SUPPLIED DATA START

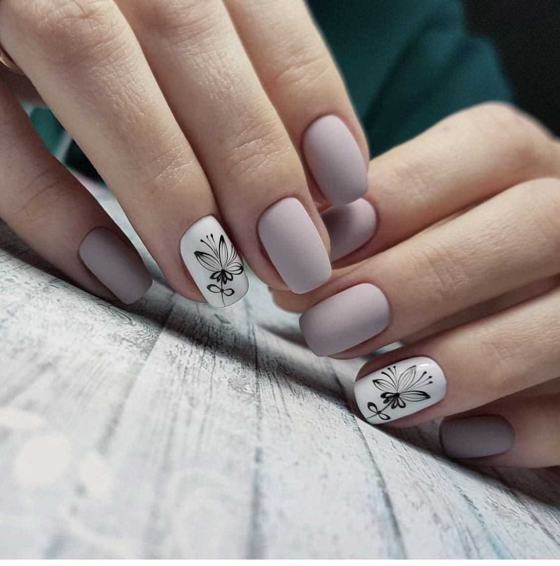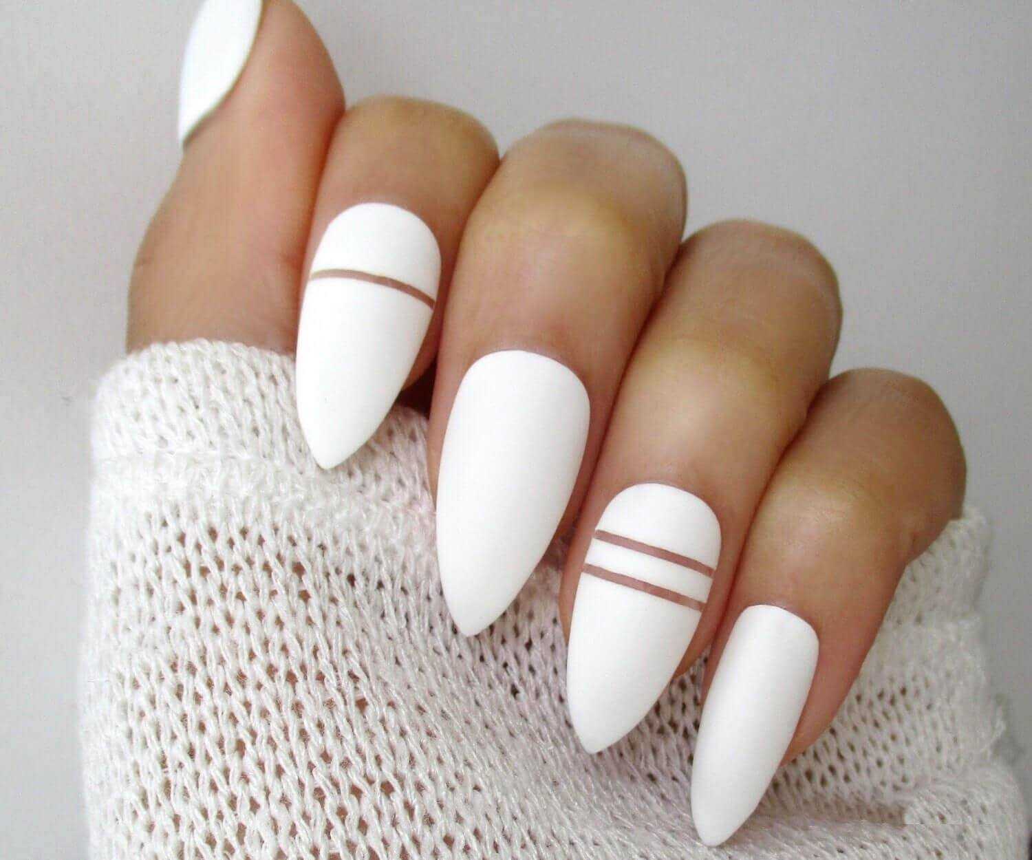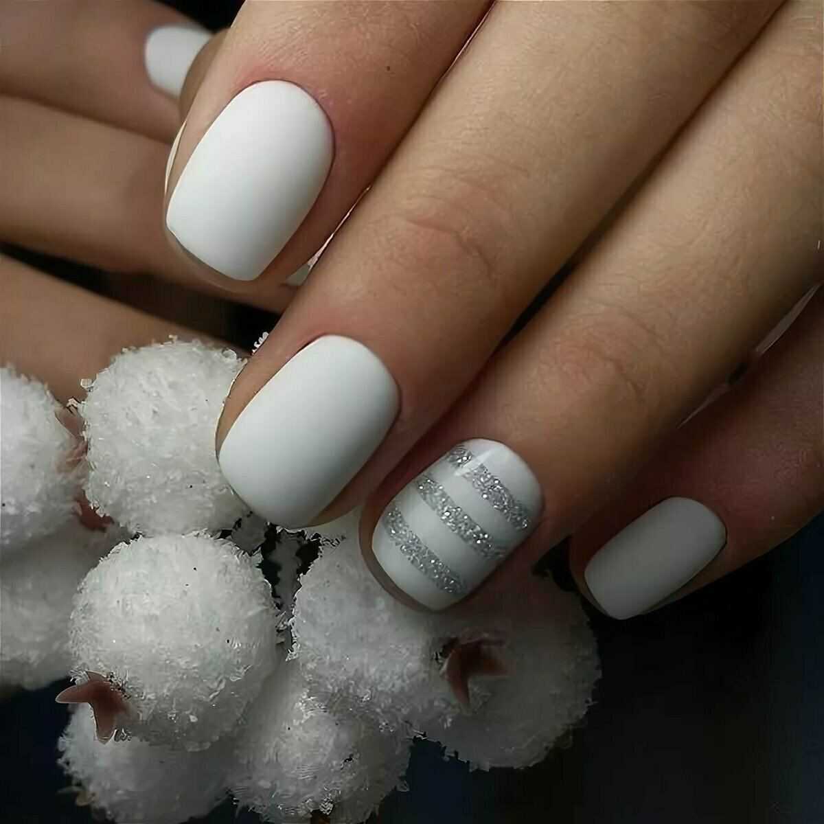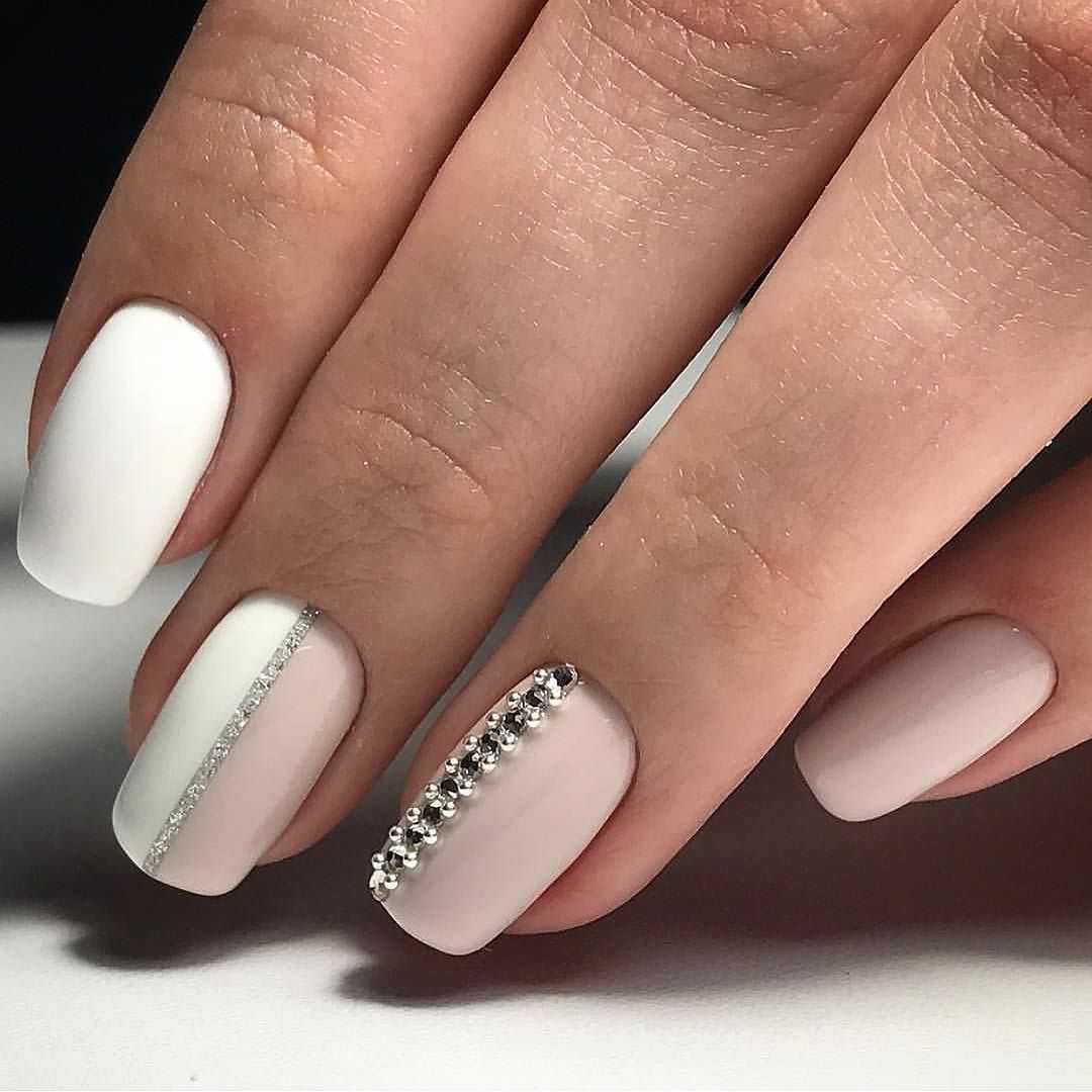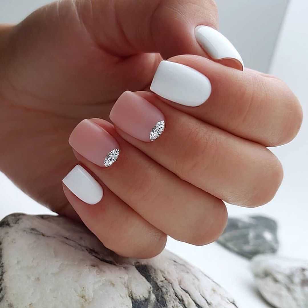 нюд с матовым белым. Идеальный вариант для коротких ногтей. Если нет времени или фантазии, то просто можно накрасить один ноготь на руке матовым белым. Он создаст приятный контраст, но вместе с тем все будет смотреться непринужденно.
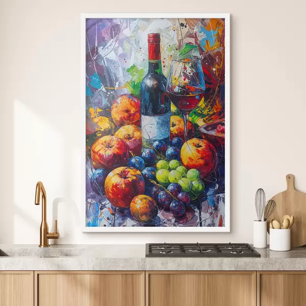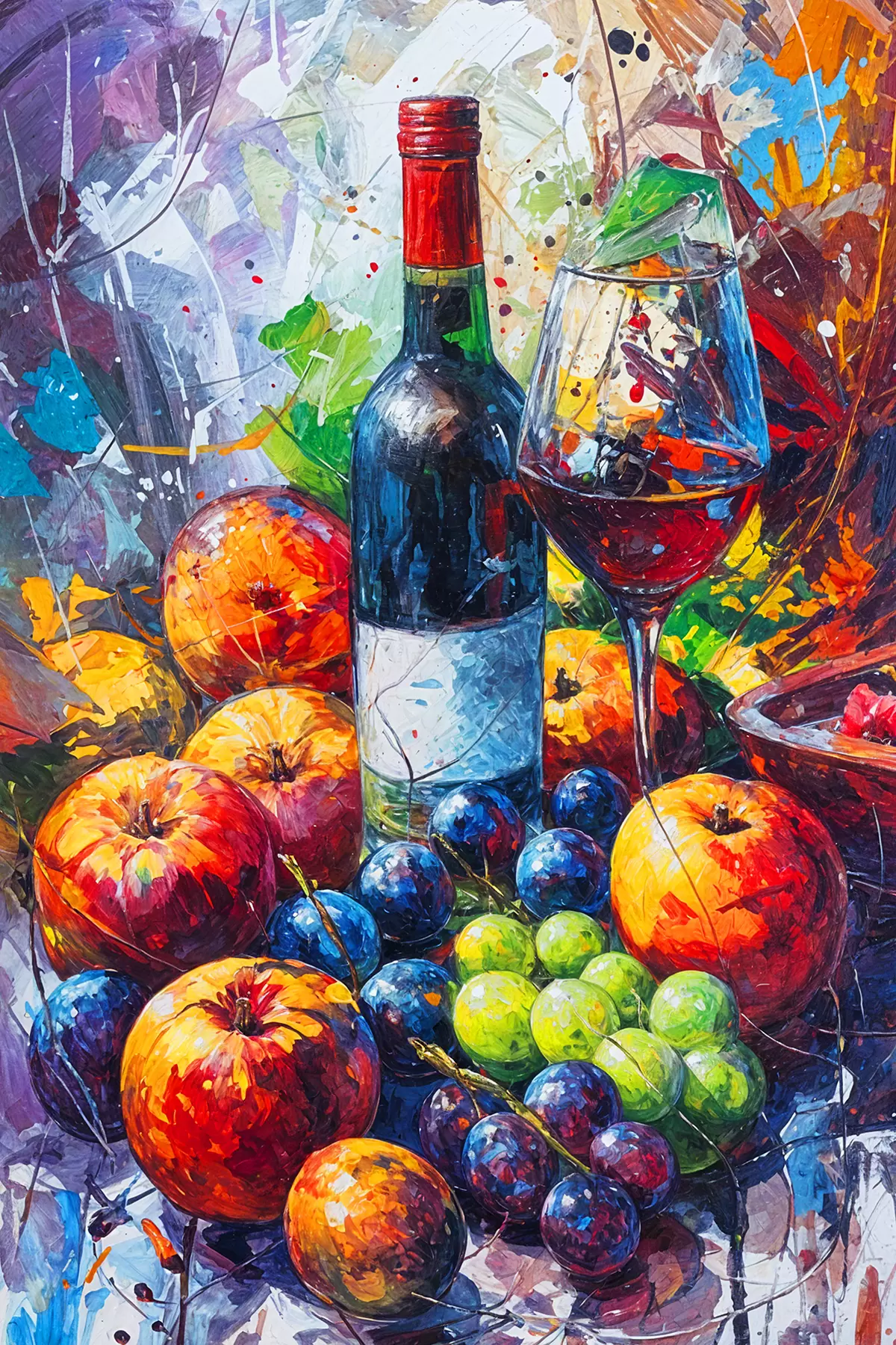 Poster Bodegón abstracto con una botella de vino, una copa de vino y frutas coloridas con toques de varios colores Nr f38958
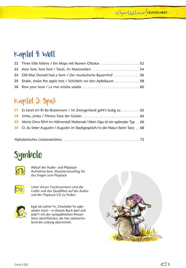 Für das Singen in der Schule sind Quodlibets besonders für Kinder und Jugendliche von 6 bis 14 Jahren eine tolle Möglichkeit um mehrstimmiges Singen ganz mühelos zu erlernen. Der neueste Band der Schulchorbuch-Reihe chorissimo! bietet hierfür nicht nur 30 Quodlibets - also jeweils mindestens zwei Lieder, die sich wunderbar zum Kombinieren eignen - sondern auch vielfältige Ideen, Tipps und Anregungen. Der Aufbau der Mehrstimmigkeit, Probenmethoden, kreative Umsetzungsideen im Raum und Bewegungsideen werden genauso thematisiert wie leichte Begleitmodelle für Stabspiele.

SUPPLIED DATA END

PROMPT → Copy out the listing word for word and skip its pictures.

ANSWER →
 нюд с матовым белым. Идеальный вариант для коротких ногтей. Если нет времени или фантазии, то просто можно накрасить один ноготь на руке матовым белым. Он создаст приятный контраст, но вместе с тем все будет смотреться непринужденно.
 Poster Bodegón abstracto con una botella de vino, una copa de vino y frutas coloridas con toques de varios colores Nr f38958
 Für das Singen in der Schule sind Quodlibets besonders für Kinder und Jugendliche von 6 bis 14 Jahren eine tolle Möglichkeit um mehrstimmiges Singen ganz mühelos zu erlernen. Der neueste Band der Schulchorbuch-Reihe chorissimo! bietet hierfür nicht nur 30 Quodlibets - also jeweils mindestens zwei Lieder, die sich wunderbar zum Kombinieren eignen - sondern auch vielfältige Ideen, Tipps und Anregungen. Der Aufbau der Mehrstimmigkeit, Probenmethoden, kreative Umsetzungsideen im Raum und Bewegungsideen werden genauso thematisiert wie leichte Begleitmodelle für Stabspiele.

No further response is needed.